We are using pytest <http://doc.pytest.org>_ for tests. You can run them via:

.. code:: shell

pytest

.. _See What's New section below:

What's new

  • 2019-02-06 (v0.11.0)

    • remove gym.spaces.np_random common PRNG; use per-instance PRNG instead.
    • support for kwargs in gym.make
    • lots of bugfixes
  • 2018-02-28: Release of a set of new robotics environments.

  • 2018-01-25: Made some aesthetic improvements and removed unmaintained parts of gym. This may seem like a downgrade in functionality, but it is actually a long-needed cleanup in preparation for some great new things that will be released in the next month.

    • Now your Env and Wrapper subclasses should define step, reset, render, close, seed rather than underscored method names.
    • Removed the board_game, debugging, safety, parameter_tuning environments since they're not being maintained by us at OpenAI. We encourage authors and users to create new repositories for these environments.
    • Changed MultiDiscrete action space to range from [0, ..., n-1] rather than [a, ..., b-1].
    • No more render(close=True), use env-specific methods to close the rendering.
    • Removed scoreboard directory, since site doesn't exist anymore.
    • Moved gym/monitoring to gym/wrappers/monitoring
    • Add dtype to Space.
    • Not using python's built-in module anymore, using gym.logger
  • 2018-01-24: All continuous control environments now use mujoco_py >= 1.50.
    Versions have been updated accordingly to -v2, e.g. HalfCheetah-v2. Performance
    should be similar (see openai#834) but there are likely
    some differences due to changes in MuJoCo.

  • 2017-06-16: Make env.spec into a property to fix a bug that occurs
    when you try to print out an unregistered Env.

  • 2017-05-13: BACKWARDS INCOMPATIBILITY: The Atari environments are now at
    v4. To keep using the old v3 environments, keep gym <= 0.8.2 and atari-py
    <= 0.0.21. Note that the v4 environments will not give identical results to
    existing v3 results, although differences are minor. The v4 environments
    incorporate the latest Arcade Learning Environment (ALE), including several
    ROM fixes, and now handle loading and saving of the emulator state. While
    seeds still ensure determinism, the effect of any given seed is not preserved
    across this upgrade because the random number generator in ALE has changed.
    The *NoFrameSkip-v4 environments should be considered the canonical Atari
    environments from now on.

  • 2017-03-05: BACKWARDS INCOMPATIBILITY: The configure method has been removed
    from Env. configure was not used by gym, but was used by some dependent
    libraries including universe. These libraries will migrate away from the
    configure method by using wrappers instead. This change is on master and will be released with 0.8.0.

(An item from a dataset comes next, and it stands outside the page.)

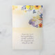 Die inspirierende Grußkarte zeigt ein einzigartiges Blumendesign mit gelben, orangefarbenen, lila und blauen Blumen und Blätter. Es enthält Bible Verse Ester 4:14, "Und wer weiß, ob du vielleicht für so eine Zeit wie diese ins Königreich gekommen bist?"

  • 2016-12-27: BACKWARDS INCOMPATIBILITY: The gym monitor is now a
    wrapper. Rather than starting monitoring as
    env.monitor.start(directory), envs are now wrapped as follows:
    env = wrappers.Monitor(env, directory). This change is on master
    and will be released with 0.7.0.

  • 2016-11-1: Several experimental changes to how a running monitor interacts
    with environments. The monitor will now raise an error if reset() is called
    when the env has not returned done=True. The monitor will only record complete
    episodes where done=True. Finally, the monitor no longer calls seed() on the
    underlying env, nor does it record or upload seed information.

  • 2016-10-31: We're experimentally expanding the environment ID format
    to include an optional username.

  • 2016-09-21: Switch the Gym automated logger setup to configure the
    root logger rather than just the 'gym' logger.

  • 2016-08-17: Calling close on an env will also close the monitor
    and any rendering windows.

  • 2016-08-17: The monitor will no longer write manifest files in
    real-time, unless write_upon_reset=True is passed.

  • 2016-05-28: For controlled reproducibility, envs now support seeding
    (cf openai#91 and openai#135). The monitor records which seeds are used. We will
    soon add seed information to the display on the scoreboard.